Cancer antigen-125 and risk of atrial fibrillation: a systematic review and meta-analysis

Heart Asia. 2018 Jan 7;10(1):e010970. doi: 10.1136/heartasia-2017-010970. eCollection 2018.


Background: Cancer antigen-125 (Ca-125) is traditionally recognised as a tumour marker and its role in cardiovascular diseases has been studied only in recent years. Whether Ca-125 is elevated in patients with atrial fibrillation (AF) and its levels predict the risk of AF remains controversial. Therefore, we conducted a systematic review and meta-analysis of the association between Ca-125 levels and AF.

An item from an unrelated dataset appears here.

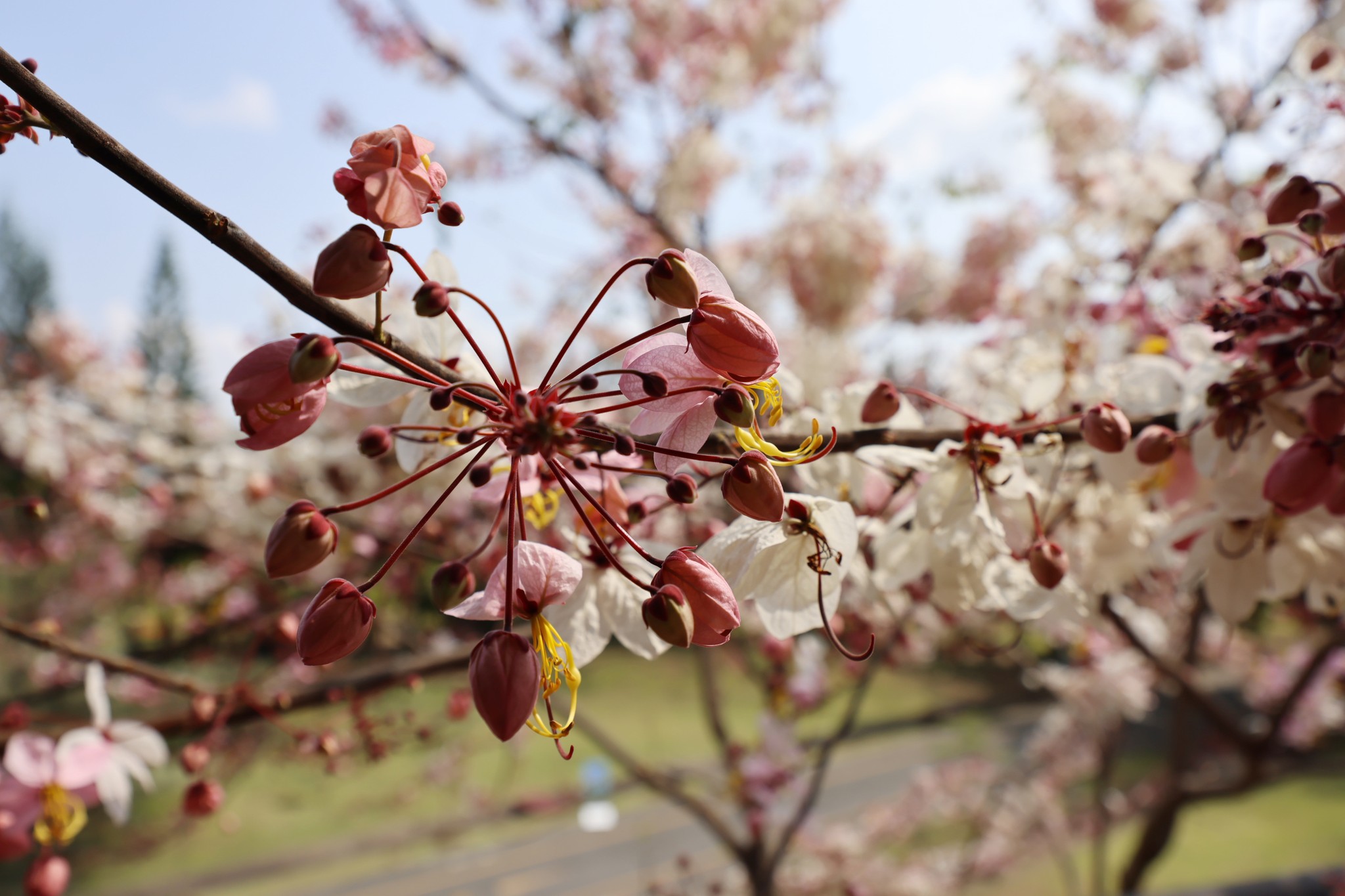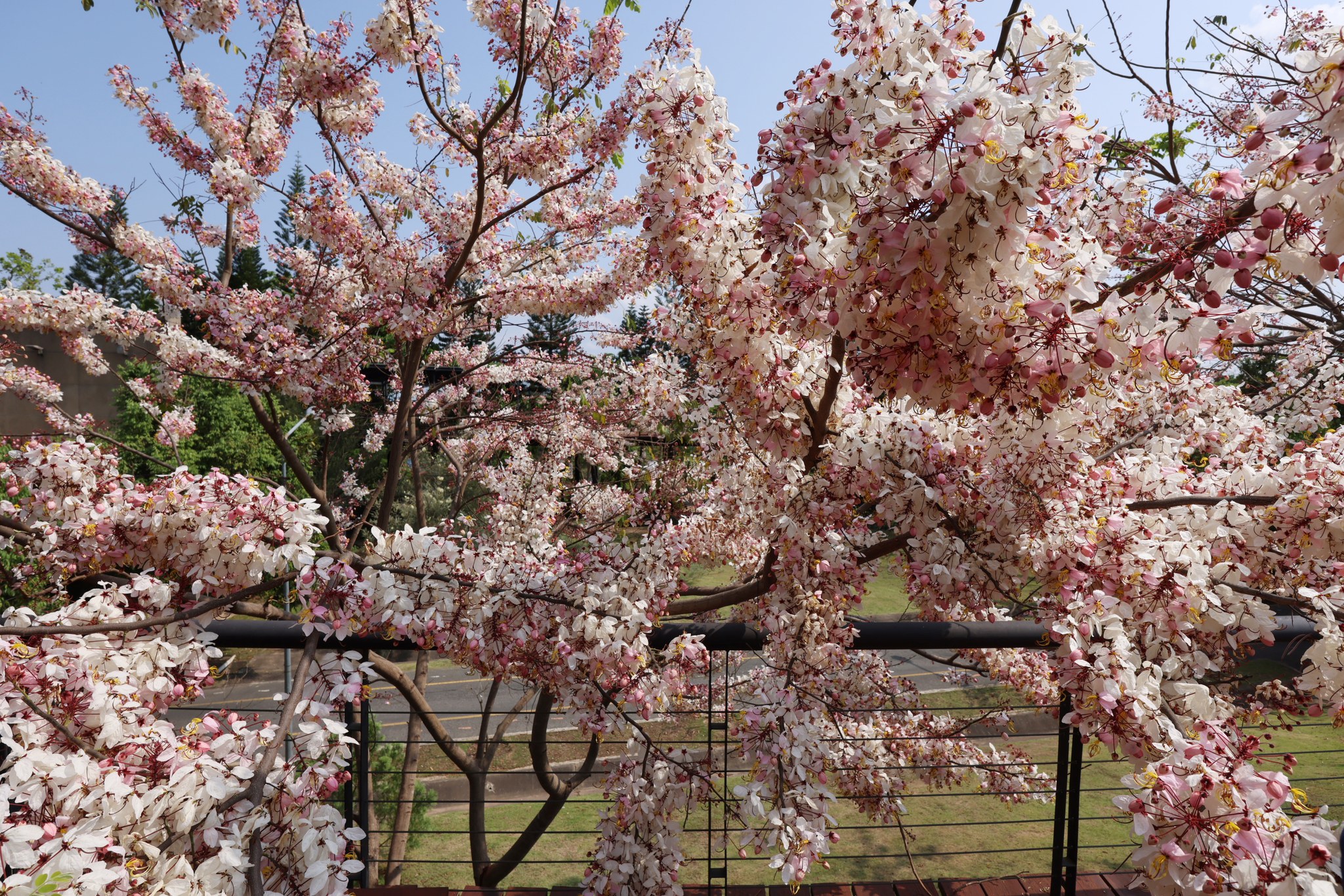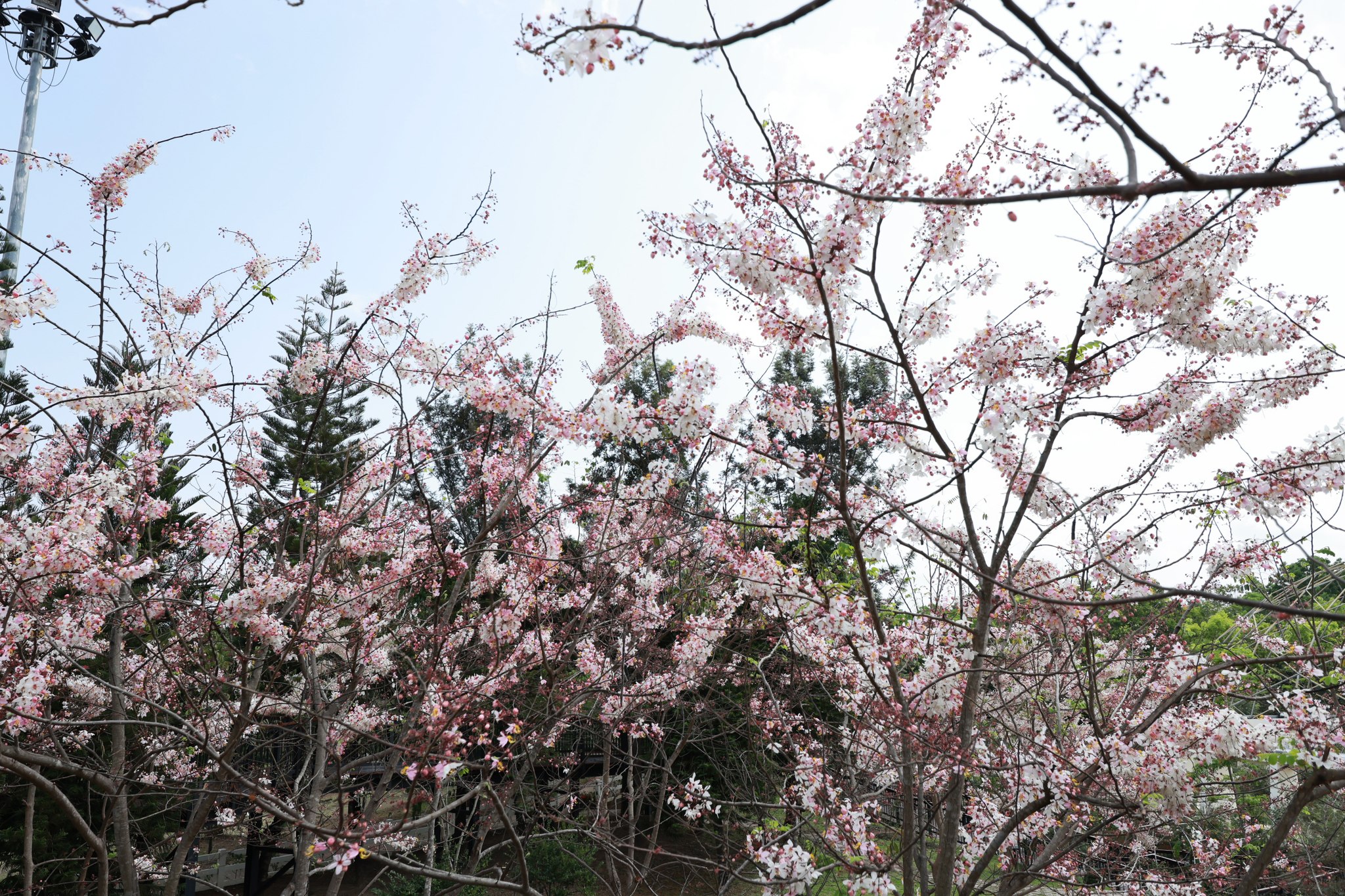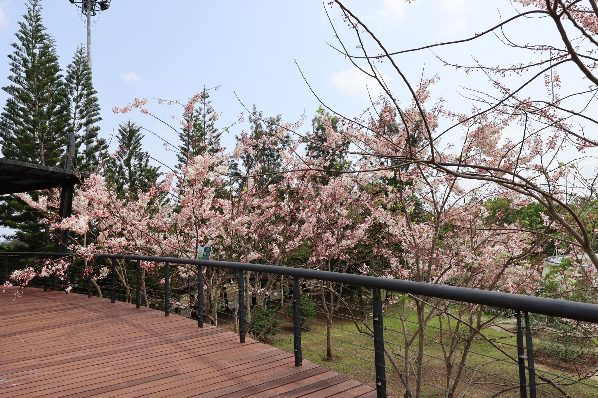 ตอนนี้หลายต้นกำลังออกดอกเต็มช่อ สีชมพู-ขาวหวานละมุนตัดกับท้องฟ้าและแนวต้นไม้เขียวขจี กลายเป็นมุมถ่ายภาพสุดโรแมนติกที่ไม่ควรพลาด

Methods: PubMed and EMBASE databases were searched until 1 June 2017 for studies that evaluated the association between Ca-125 and AF. Inclusion criteria included studies that compare Ca-125 in patients with and without AF, or those reporting HRs/ORs for risk of AF stratified by Ca-125 levels.

Results: A total of 39 entries were retrieved from the databases, of which 10 studies were included in the final meta-analysis. Ca-125 was significantly higher in patients with AF compared with those in sinus rhythm (mean difference=16 U/mL, 95% CI 2 to 30 U/mL, P<0.05; I2: 98%). Ca-125 significantly increased the risk of AF (HR: 1.39, 95% CI 1.06 to 1.82, P<0.05; I2: 84%).

Conclusion: Ca-125 was significantly higher in patients with AF than in those in sinus rhythm, and high Ca-125 is predictive of AF occurrence. However, the high heterogeneity observed means there is an uncertainty in the relationship between Ca-125 and AF, which needs to be confirmed by larger prospective studies.

Keywords: arrhythmias; atrial fibrillation; risk stratification.